__Prompt__: Transcribe the data underneath exactly. No images belong in your version.

[[ Data shown, beginning ]]

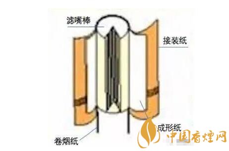 空腔濾嘴:空腔濾嘴是屬于二元復(fù)合濾嘴的一種,二元復(fù)合濾嘴通常是一段濾材為醋酸纖維,另一段為皺紋紙或生產(chǎn)過程中摻入添加劑(如活性炭)的醋酸纖維??涨粸V嘴是屬于后端為皺紋紙的那種,因為后端為中空,為了不使其塌陷,而醋酸纖維太軟,所以利用皺紋紙做成中空型。因其有一段規(guī)則的空腔, 形成一個低壓通道,抽吸時吸阻小, 能夠顯著提高對煙氣中焦油的過濾效率,有效地減少焦油和一氧化碳的釋放量。
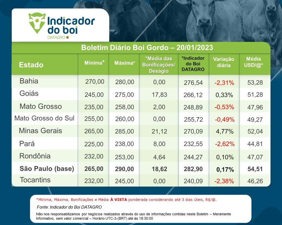 Balizador de preços do boi gordo GPB/DATAGRO – Boletim de 20-janeiro-2023
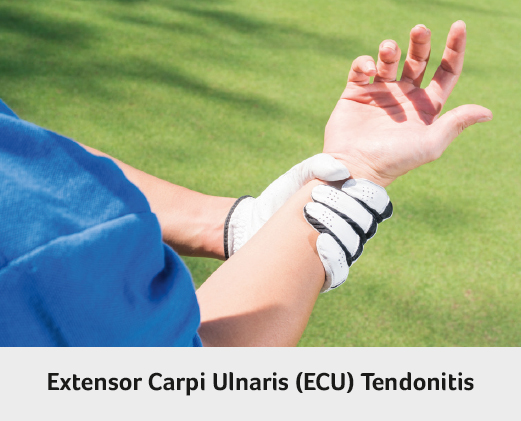 ECU tendinitis is inflammation of the wrist tendon on the little finger side of the wrist. Patients complain of wrist pain and loss of grip strength. Pain is worsened by rotation of the wrist and the “dart throwing” wrist motion”. Golfers and any racquet ball players are at risk injury and inflammation of this tendon. Ongoing pain may be due to rupture of the tendon sheath that holds the ECU tendon in place. If the sheath is torn, the tendon can roll in and out of the tendon groove, known as subluxation. The patient complains of a painful snap as the tendon rolls out with the palm down motion in the downswing during golf, for example. Tendonitis symptoms usually settle with conservative treatment such as rest, splinting and injections. Rarely surgery may be required to repair the ECU and surrounding tissues.

[[ Data shown, end ]]

__Task answer__:
 空腔濾嘴:空腔濾嘴是屬于二元復(fù)合濾嘴的一種,二元復(fù)合濾嘴通常是一段濾材為醋酸纖維,另一段為皺紋紙或生產(chǎn)過程中摻入添加劑(如活性炭)的醋酸纖維??涨粸V嘴是屬于后端為皺紋紙的那種,因為后端為中空,為了不使其塌陷,而醋酸纖維太軟,所以利用皺紋紙做成中空型。因其有一段規(guī)則的空腔, 形成一個低壓通道,抽吸時吸阻小, 能夠顯著提高對煙氣中焦油的過濾效率,有效地減少焦油和一氧化碳的釋放量。
 Balizador de preços do boi gordo GPB/DATAGRO – Boletim de 20-janeiro-2023
 ECU tendinitis is inflammation of the wrist tendon on the little finger side of the wrist. Patients complain of wrist pain and loss of grip strength. Pain is worsened by rotation of the wrist and the “dart throwing” wrist motion”. Golfers and any racquet ball players are at risk injury and inflammation of this tendon. Ongoing pain may be due to rupture of the tendon sheath that holds the ECU tendon in place. If the sheath is torn, the tendon can roll in and out of the tendon groove, known as subluxation. The patient complains of a painful snap as the tendon rolls out with the palm down motion in the downswing during golf, for example. Tendonitis symptoms usually settle with conservative treatment such as rest, splinting and injections. Rarely surgery may be required to repair the ECU and surrounding tissues.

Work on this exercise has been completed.